CAP XVII. 1. Vetus es, uera si uelimus dicere, tu qui tantum gulae indulges, et merito te priorem iactitas; semper agnosco sapere Esau uenatorem ferarum ; ita passim indagandis turdis studes, ita de campo laxissimae disciplinae tuae uenis, ita spiritu deficis. 2. Si tibi lenticulam defruto inrufatam obtulero, statim totos primatus tuos uendes; apud te agape in caccabis feruet, fides in culmis calet, spes in ferculis iacet.
CHAPTER 17. 1. You are ancient, if we wish to speak true, you who indulge the gullet so much, and with merit you boast yourself the prior; I always recognize you to savor of Esau, the hunter of wild beasts ; thus everywhere you are eager for tracking down thrushes, thus from the field of your most lax discipline you come, thus you fail in spirit. 2. If I were to offer you a little lentil-porridge reddened with defrutum, at once you would sell your whole birthright; with you the agape seethes in cauldrons, faith grows warm on the straw, hope lies on platters.
3. But there is a greater agape, because through this your young men sleep with the sisters. Appendages, namely, of gluttony: lasciviousness and luxury. Which fellowship also the Apostle, knowing it, when he had prefaced “not in drunkennesses nor in carousings,” added “nor in beds and lusts.”
4. To the eulogy of your gluttony it pertains, that a double
honor is assigned among you to the presiding men in two portions, whereas the apostle
gave a double honor both to the brethren and to the prelates. Who is holier among
you, unless he is more frequent at banqueting, unless more sumptuous in catering, unless
better furnished with chalices? 5. With good reason, you, men merely of soul and flesh, refuse spiritual things.
6. Let us openly vindicate our disciplines. We are certain that those who are in the flesh cannot please God, not, to be sure, in the substance of the flesh, but in care, but in affection, but in operation, but in will. Leanness does not displease us; for God did not assign flesh by weight, just as He did not assign the spirit by measure.

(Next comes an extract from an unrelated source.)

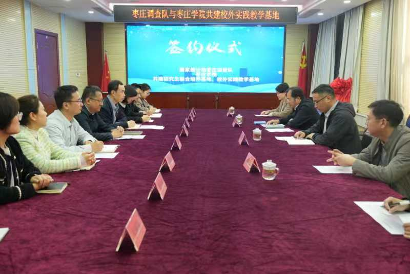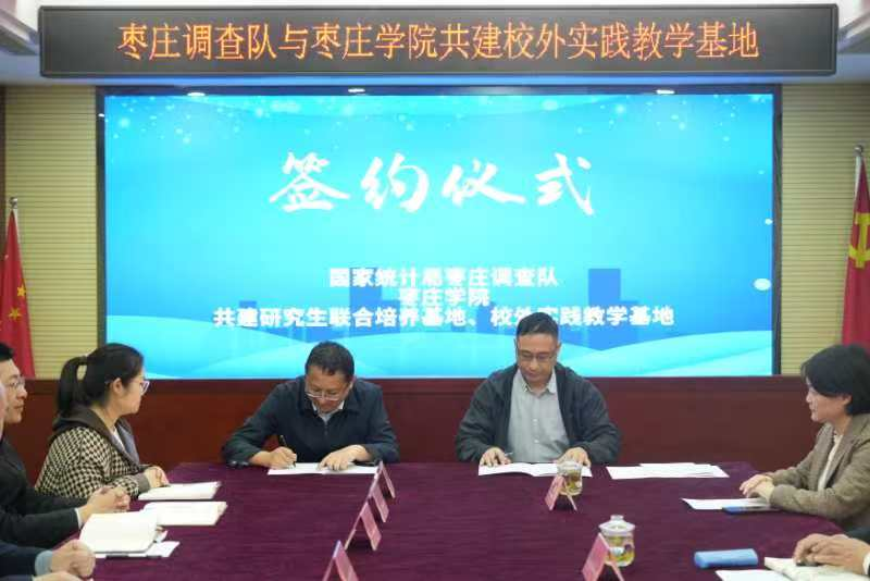 双方现场签订了研究生联合培养基地协议,确定国家统计局枣庄调查大队为教学实践基地,并举行现场揭牌仪式。

7. More easily, perhaps, through the narrow door of salvation
will a more slender flesh enter; more swiftly will a lighter flesh be resuscitated, longer in
sepulture will a drier flesh endure. Let the pugilists and the Olympic pyctae be fattened. For them
ambition of the body is fitting, for whom also strength is necessary, and yet even they too
grow strong by xerophagies.
8. But our strengths are of another kind and our powers different, just as there are
other contests, in which there is not wrestling against flesh and blood, but
against the powers of the world, against the spiritual powers of malice. Against these it is necessary not
by flesh and blood, but by faith and a robust spirit to stand. 9. Moreover
a more well-fattened Christian will perhaps be more necessary to bears and lions than to God,
except that he will also have to exercise leanness against the beasts.